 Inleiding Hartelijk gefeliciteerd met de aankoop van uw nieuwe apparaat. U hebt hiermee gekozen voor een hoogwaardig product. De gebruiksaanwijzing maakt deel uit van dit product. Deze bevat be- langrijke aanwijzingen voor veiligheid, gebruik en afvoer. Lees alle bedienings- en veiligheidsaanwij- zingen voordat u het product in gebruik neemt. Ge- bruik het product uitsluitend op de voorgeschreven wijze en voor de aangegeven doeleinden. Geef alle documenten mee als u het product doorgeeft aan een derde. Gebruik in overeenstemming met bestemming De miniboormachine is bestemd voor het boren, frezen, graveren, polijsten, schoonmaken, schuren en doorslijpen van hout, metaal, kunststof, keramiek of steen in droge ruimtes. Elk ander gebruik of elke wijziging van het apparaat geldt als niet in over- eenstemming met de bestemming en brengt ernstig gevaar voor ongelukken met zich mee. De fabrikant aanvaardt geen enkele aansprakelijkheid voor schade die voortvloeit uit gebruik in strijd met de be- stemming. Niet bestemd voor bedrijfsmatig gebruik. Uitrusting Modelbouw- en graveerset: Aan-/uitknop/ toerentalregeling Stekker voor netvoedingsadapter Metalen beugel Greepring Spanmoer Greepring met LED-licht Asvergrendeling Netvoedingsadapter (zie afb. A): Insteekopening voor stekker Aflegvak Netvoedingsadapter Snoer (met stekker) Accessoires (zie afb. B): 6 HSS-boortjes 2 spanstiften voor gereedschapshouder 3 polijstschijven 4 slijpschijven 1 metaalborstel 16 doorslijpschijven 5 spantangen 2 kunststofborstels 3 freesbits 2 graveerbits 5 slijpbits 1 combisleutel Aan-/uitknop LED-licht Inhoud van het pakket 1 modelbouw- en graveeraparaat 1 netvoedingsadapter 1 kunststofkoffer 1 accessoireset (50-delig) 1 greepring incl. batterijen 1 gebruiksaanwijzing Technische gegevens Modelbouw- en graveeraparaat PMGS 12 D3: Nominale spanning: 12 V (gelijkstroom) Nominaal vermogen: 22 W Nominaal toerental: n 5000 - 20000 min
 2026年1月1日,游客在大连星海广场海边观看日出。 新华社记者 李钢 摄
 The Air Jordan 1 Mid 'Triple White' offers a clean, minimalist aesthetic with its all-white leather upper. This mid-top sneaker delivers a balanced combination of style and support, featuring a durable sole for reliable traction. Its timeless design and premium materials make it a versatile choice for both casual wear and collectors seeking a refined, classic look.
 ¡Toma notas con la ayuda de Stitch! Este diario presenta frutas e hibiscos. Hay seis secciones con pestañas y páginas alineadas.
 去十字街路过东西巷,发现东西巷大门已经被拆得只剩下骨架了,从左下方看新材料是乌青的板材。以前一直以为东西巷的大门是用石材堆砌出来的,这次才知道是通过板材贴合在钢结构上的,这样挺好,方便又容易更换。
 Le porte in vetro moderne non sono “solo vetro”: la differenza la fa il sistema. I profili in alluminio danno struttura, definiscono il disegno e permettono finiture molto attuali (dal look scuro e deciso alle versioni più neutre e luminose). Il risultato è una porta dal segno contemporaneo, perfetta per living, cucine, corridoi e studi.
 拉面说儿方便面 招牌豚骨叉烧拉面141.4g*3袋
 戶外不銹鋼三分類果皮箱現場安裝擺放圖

---

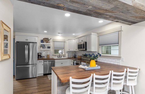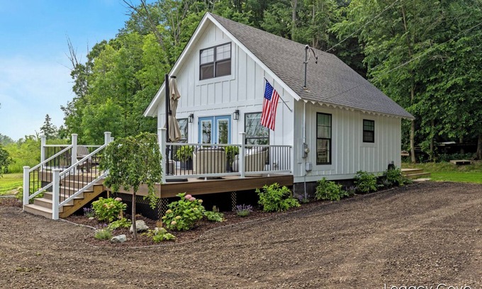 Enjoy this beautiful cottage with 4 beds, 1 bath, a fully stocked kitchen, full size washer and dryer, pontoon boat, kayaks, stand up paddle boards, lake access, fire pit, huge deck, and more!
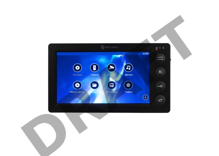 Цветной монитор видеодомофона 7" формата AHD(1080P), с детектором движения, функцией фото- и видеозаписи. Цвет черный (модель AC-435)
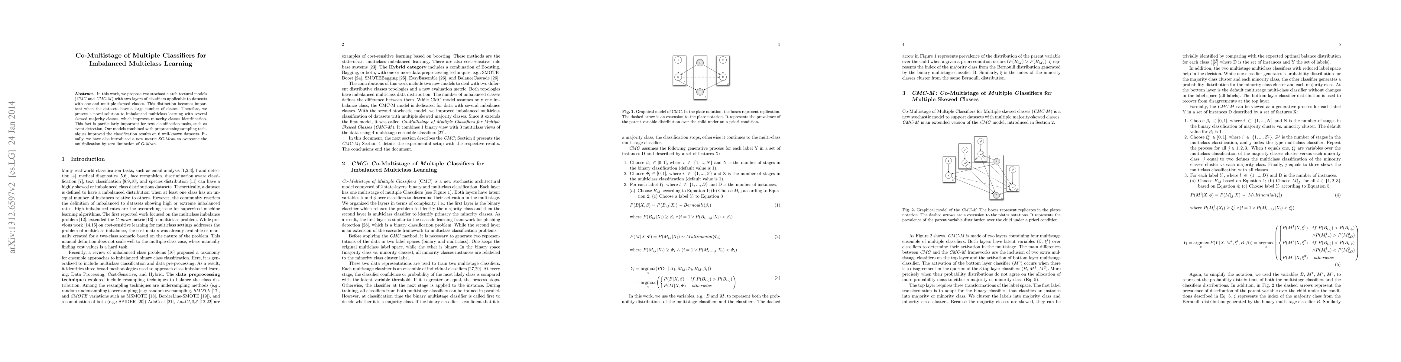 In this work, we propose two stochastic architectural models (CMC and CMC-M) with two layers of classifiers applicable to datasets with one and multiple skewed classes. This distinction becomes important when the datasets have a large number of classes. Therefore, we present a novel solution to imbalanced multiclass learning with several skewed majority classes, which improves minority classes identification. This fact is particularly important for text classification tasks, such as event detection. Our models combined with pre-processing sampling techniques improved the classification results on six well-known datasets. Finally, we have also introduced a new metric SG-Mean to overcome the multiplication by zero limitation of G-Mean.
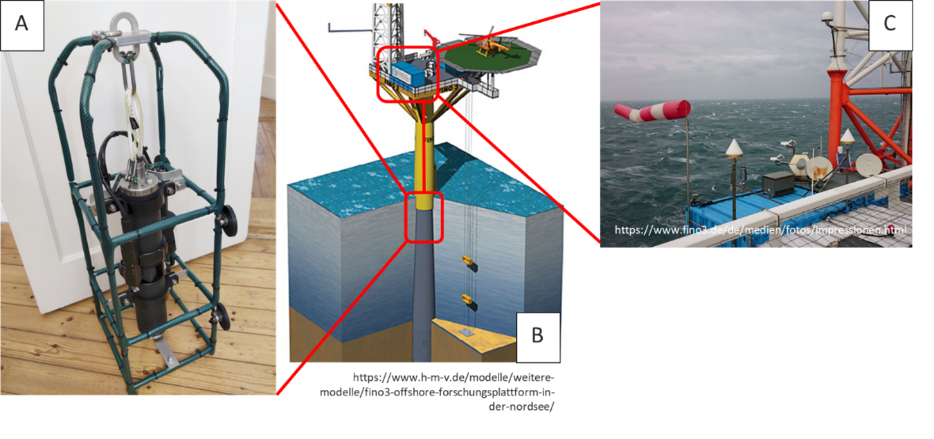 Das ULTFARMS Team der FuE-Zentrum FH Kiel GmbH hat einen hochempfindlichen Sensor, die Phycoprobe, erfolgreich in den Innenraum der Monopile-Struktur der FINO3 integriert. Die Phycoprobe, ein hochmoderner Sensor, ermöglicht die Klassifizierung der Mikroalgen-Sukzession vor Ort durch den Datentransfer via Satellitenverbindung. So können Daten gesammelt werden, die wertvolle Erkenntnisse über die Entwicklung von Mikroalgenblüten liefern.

- [WORK ITEM]
All lines in the listing above from the line containing "The Air Jordan" to the line containing "戶外不銹鋼三分類果皮箱現場安裝擺放圖", inclusive, should be retyped exactly; no other lines should appear.

- [WRITTEN REPLY]
 The Air Jordan 1 Mid 'Triple White' offers a clean, minimalist aesthetic with its all-white leather upper. This mid-top sneaker delivers a balanced combination of style and support, featuring a durable sole for reliable traction. Its timeless design and premium materials make it a versatile choice for both casual wear and collectors seeking a refined, classic look.
 ¡Toma notas con la ayuda de Stitch! Este diario presenta frutas e hibiscos. Hay seis secciones con pestañas y páginas alineadas.
 去十字街路过东西巷,发现东西巷大门已经被拆得只剩下骨架了,从左下方看新材料是乌青的板材。以前一直以为东西巷的大门是用石材堆砌出来的,这次才知道是通过板材贴合在钢结构上的,这样挺好,方便又容易更换。
 Le porte in vetro moderne non sono “solo vetro”: la differenza la fa il sistema. I profili in alluminio danno struttura, definiscono il disegno e permettono finiture molto attuali (dal look scuro e deciso alle versioni più neutre e luminose). Il risultato è una porta dal segno contemporaneo, perfetta per living, cucine, corridoi e studi.
 拉面说儿方便面 招牌豚骨叉烧拉面141.4g*3袋
 戶外不銹鋼三分類果皮箱現場安裝擺放圖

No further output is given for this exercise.